Marjane (center) bumps up against fundamentalism in "Persepolis."

It would be a worthy winner, too. Not that this hand-drawn French production's simple black-on-white graphics approach the depth of Pixar's "Ratatouille," but the quest for photorealism is not the only game in town.

Co-directed by Marjane Satrapi and Vincent Paronnaud, based on Satrapi's graphic novels, "Persepolis" has some of the blithe, spindly finesse of a New Yorker cartoon, but a cartoon that at any given moment threatens to descend into inky expressionist gloom.

Satrapi has acknowledged the influence of Art Spiegelman's "Maus" on her work, and just as "Maus" marked a shift in the pedigree of the graphic novel --"comic book" was no longer a sufficient term when the Holocaust was the topic -- "Persepolis" is an animated film aimed at a sophisticated adult audience. Unless you count Richard Linklater's Rotoscoped "A Scanner Darkly" and "Waking Life," it's hard to think of a recent American equivalent.

The narrative takes the form of Disney's old standby, the coming-of-age story, but in a context that's alien to most of us.

In 1979 Marjane is a 9-year-old Bruce Lee nut in Tehran. The fall of the shah is cause for celebration in the Satrapi household: Marjane's family of cosmopolitan Marxists has suffered imprisonment and intimidation under his rule. The revolution is a time of hope and opportunity.

But it doesn't last. Religious fundamentalists take control, Marjane and her friends are forced to wear the veil and social freedoms are curtailed. Worse is to come when Iran goes to war with Iraq.

As the 1970s feminist slogan had it, "the personal is political," and in a theocracy the political is also inescapably personal.

The film folds a pocket history of Persia into Marjane's sentimental education, but in many ways the small domestic details are the most telling. Consider that a routine police check sends the whole family into panicky emergency mode in case their illicit booze is discovered.

Outspoken and rebellious, the teenage Marjane goes through a punk phase and buys contraband Michael Jackson cassettes on the black market. She has to talk fast when she's accosted on the street by hard-liners, two women whose billowing chadors make them look like wraiths.

The gaping disconnect between life in the public and the private spheres is your basic teenage endurance course, but here the stakes are ratcheted up.

Yet the film never succumbs to the melodramatic impulse that destroys a broadly similar saga in "The Kite Runner." Satrapi keeps her story moving briskly, and even moments of extreme danger are leavened with self-mockery and satire.

When it comes to that deceptively simple but very important job of putting a familiar face on a stranger, "Persepolis" -- which refers to the ancient capital of the Persian Empire before it was destroyed by Alexander the Great -- may achieve more than any of this season's soul-searching Iraq war movies.

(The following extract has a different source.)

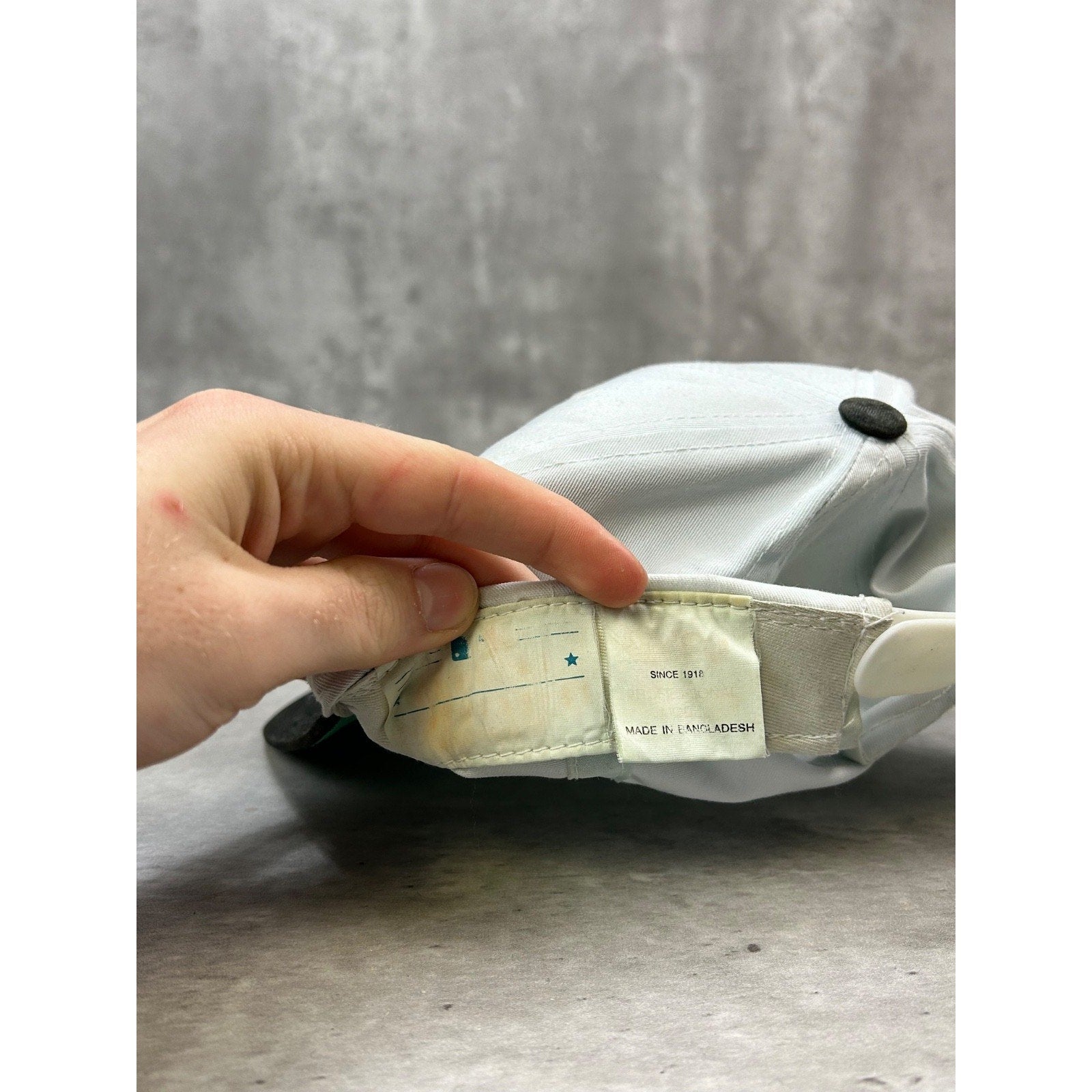 General wear, fading due to age. Creasing on dome. Fade marks found on both sides of brim. Yellowing on sweatband. Marks found around.

As it goes on, this becomes a story about conformity and individualism, and it's worth noting that Marjane is both more readily recognizable -- and more of an individualist -- than a lip-service rebel like "Juno's" Juno MacGuff.

Marjane's relationship with her wise and wicked grandmother, voiced by Danielle Darrieux, is a glowing testament to an indomitable female spirit. When Chiara Mastroianni, as the older Marjane, breaks into a croaky English karaoke rendition of Survivor's "Eye of the Tiger," it's hard to suppress a cheer.

Which is generally the way "Persepolis" makes you feel as you leave the theater.